**Supplied information:**
───
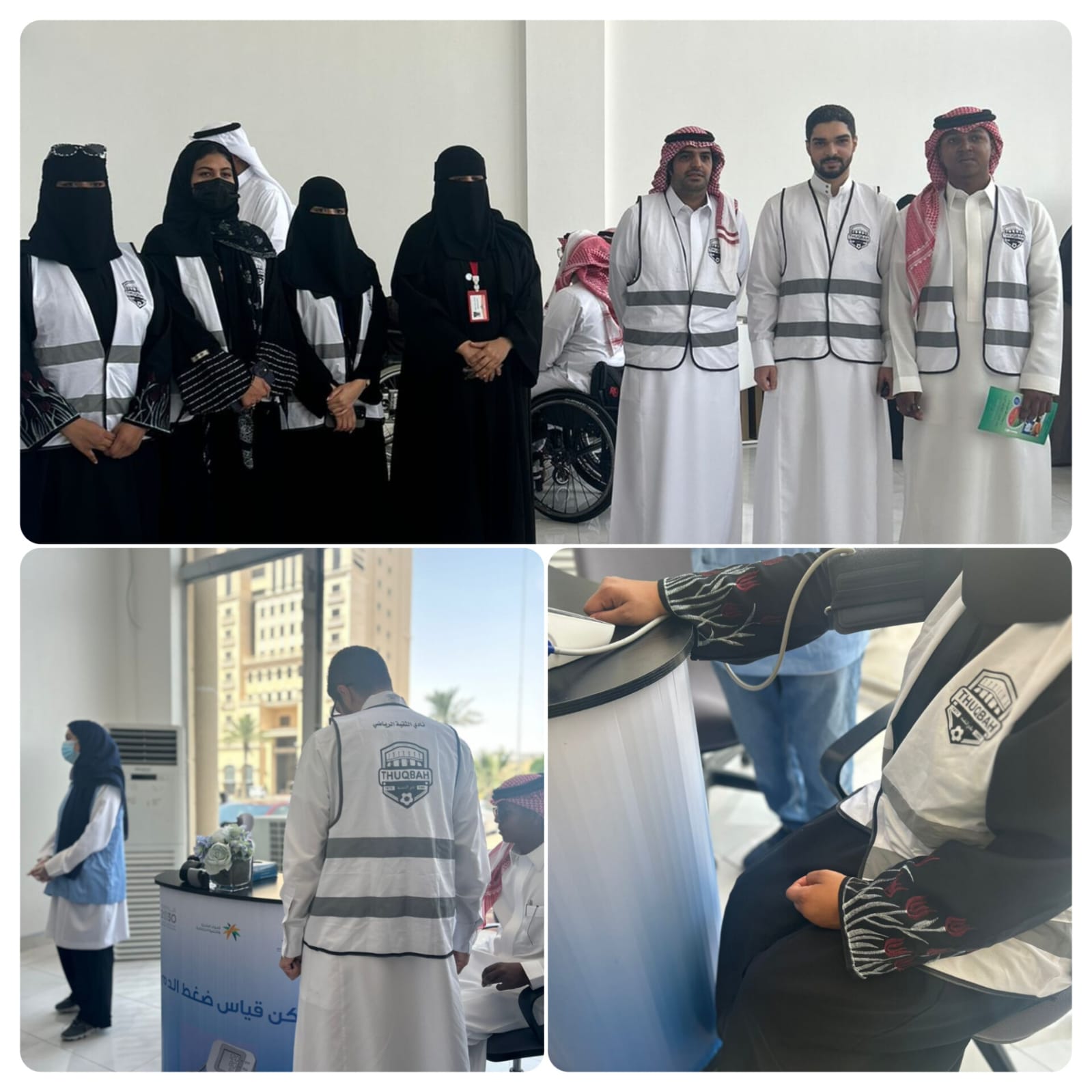 من منطلق المسؤولية المجتمعية في نادي الثقبة الرياضي مع جمعية سواعد لذوي الاعاقة الحركية و الجمعية السعودية للسكر والغدد الصماء تمت مشاركة منسوبي النادي في مبادرة معًا نحو حياة صحية في مقر جمعية سواعد بهدف التوعية بمرض السكري والتعريف بأفضل ممارسات الوقاية والعلاج منه
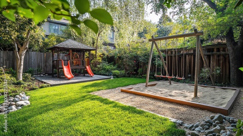 Backyard with sandbox, slide, and swings under a green canopy of trees.
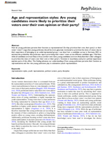 Age and representation styles: Are young candidates more likely to prioritize their voters over their own opinion or their party?
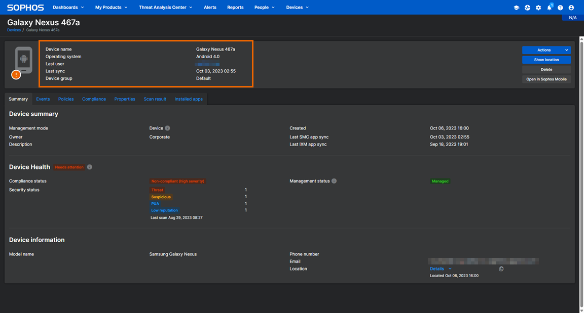 In Sophos Mobile öffnen: Öffnen Sie die Seite Gerät anzeigen des Geräts in Sophos Mobile. Auf dieser Seite finden Sie noch mehr Informationen und Aktionen für das Gerät als auf der Detailseite des Geräts in Sophos Central. Siehe Die Seite „Gerät anzeigen“.
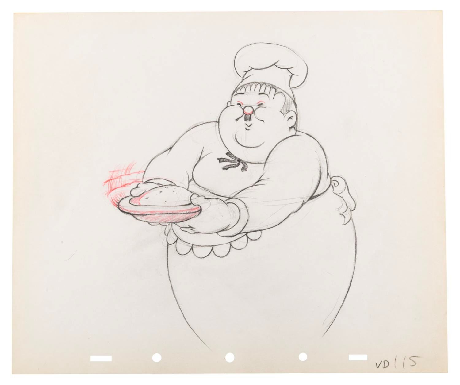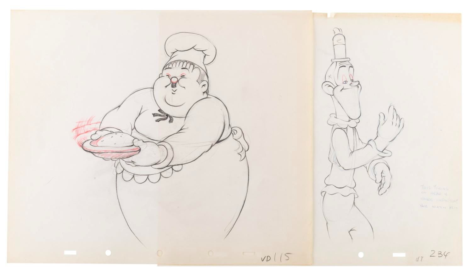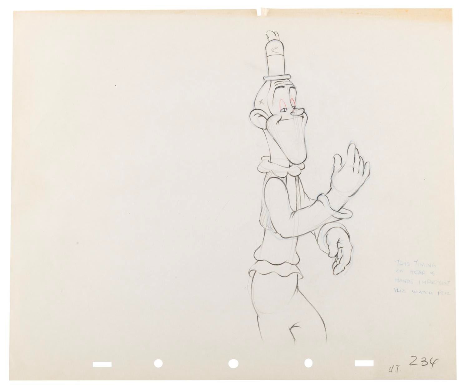 (Disney, 1938) A pair of original production drawings of Laurel and Hardy in the Simple Simon the Pieman scene from the Silly Symphony short "Mother Goose Goes Hollywood. " Laurel and Hardy have image sizes of 3.5 " x 8.5 " and 7 " x 8.5 " on untrimmed 10 " x 12 " animation paper. The graphite and color pencil drawings are in very good condition with light creasing, edge wear, discoloration and a small tear to the upper edge of Laurel's drawing.
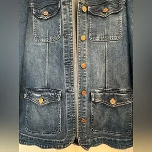Stylish denim jacket! Missing the belt, but there are belt loops on the jacket. In great condition, i’d say this item runs big, i’m normally a M and this is XS.
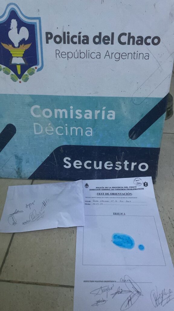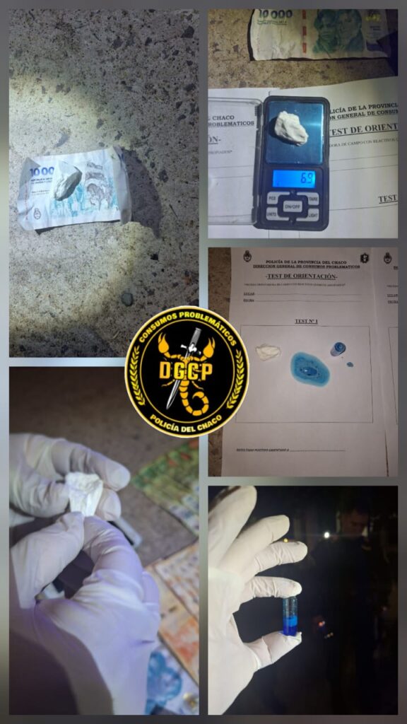 Posteriormente, con la intervención de personal especializado, se realizó una prueba de campo sobre la sustancia, la cual arrojó resultado positivo para cocaína, con un peso total de 6,9 gramos.
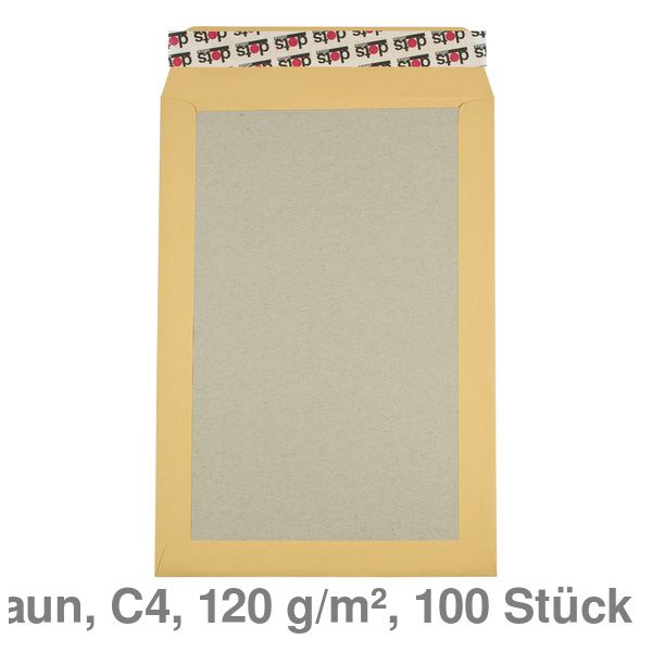 Papprückwandtaschen DIN C4. Maße: 229 x 324 mm. braun
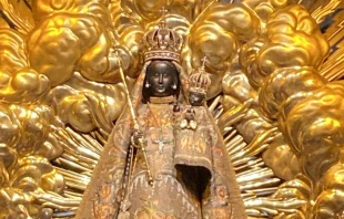 “Una persona confundida desvistió violentamente a la Virgen Negra” en la Capilla de la Gracia del famoso monasterio suizo de Einsiedeln, informó el monasterio. “La venerada imagen de la gracia del siglo XV resultó ligeramente dañada”
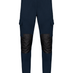 De broek heeft een comfortabele rechte snit. De tailleband is elastisch en voorzien van aanrijgkoordjes met een rubberen uiteinde. Je profiteert van twee omzoomde zakken aan de voorkant. Er zijn twee opgezette cargozakken met een klep en klittenbandsluiting. De zwarte knielappen zijn gemaakt van slijtvast Cordura®. De broekspijpen zijn afgewerkt met een 2x2 ribboord met elasthan. De broek is beschikbaar in de kleuren Navy en Black en in verschillende maten.
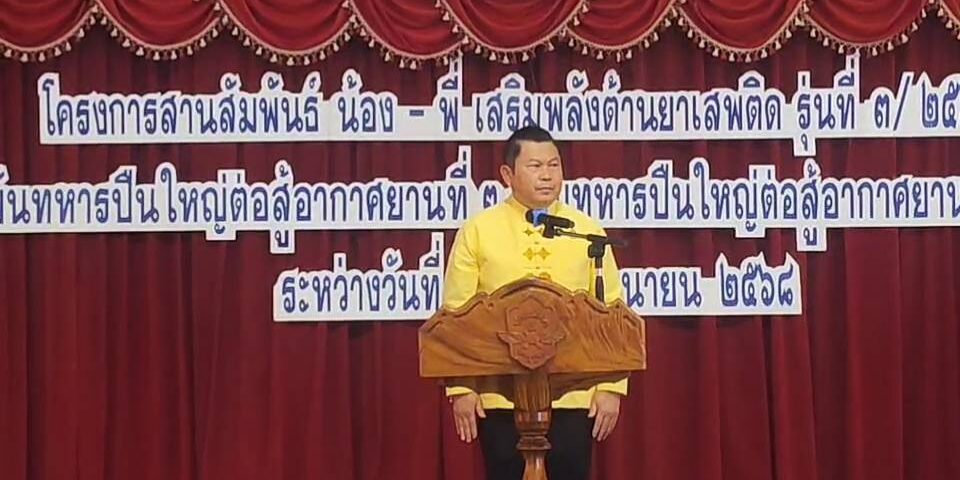 นายปรัชญา เปปะตัง รองผู้ว่าราชการจังหวัดลพบุรี ประธานในพิธีเปิดโครงการ “สานสัมพันธ์ น้องพี่ เสริมพลังต้านยาเสพติด”
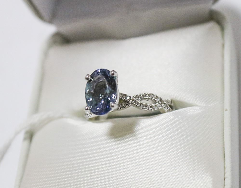 ONE 14K WHITE GOLD TANZANITE AND DIAMOND RING. TANZANITE WEIGHS 2.18 CARAT, VS1 CLARITY. 40 ROUND DIAMONDS, VS-SI, COLOUR G-H, .30. SIZE 5.25 APPRAISED AT $3600.00
───
**Work to be completed:** Word for word, retype the lines in the entries above that run from the one with "Age and representation" through the one with "persona confundida desvistió". Both ends count; pictures do not.

**Worked solution:**
 Age and representation styles: Are young candidates more likely to prioritize their voters over their own opinion or their party?
 In Sophos Mobile öffnen: Öffnen Sie die Seite Gerät anzeigen des Geräts in Sophos Mobile. Auf dieser Seite finden Sie noch mehr Informationen und Aktionen für das Gerät als auf der Detailseite des Geräts in Sophos Central. Siehe Die Seite „Gerät anzeigen“.
 (Disney, 1938) A pair of original production drawings of Laurel and Hardy in the Simple Simon the Pieman scene from the Silly Symphony short "Mother Goose Goes Hollywood. " Laurel and Hardy have image sizes of 3.5 " x 8.5 " and 7 " x 8.5 " on untrimmed 10 " x 12 " animation paper. The graphite and color pencil drawings are in very good condition with light creasing, edge wear, discoloration and a small tear to the upper edge of Laurel's drawing.
Stylish denim jacket! Missing the belt, but there are belt loops on the jacket. In great condition, i’d say this item runs big, i’m normally a M and this is XS.
 Posteriormente, con la intervención de personal especializado, se realizó una prueba de campo sobre la sustancia, la cual arrojó resultado positivo para cocaína, con un peso total de 6,9 gramos.
 Papprückwandtaschen DIN C4. Maße: 229 x 324 mm. braun
 “Una persona confundida desvistió violentamente a la Virgen Negra” en la Capilla de la Gracia del famoso monasterio suizo de Einsiedeln, informó el monasterio. “La venerada imagen de la gracia del siglo XV resultó ligeramente dañada”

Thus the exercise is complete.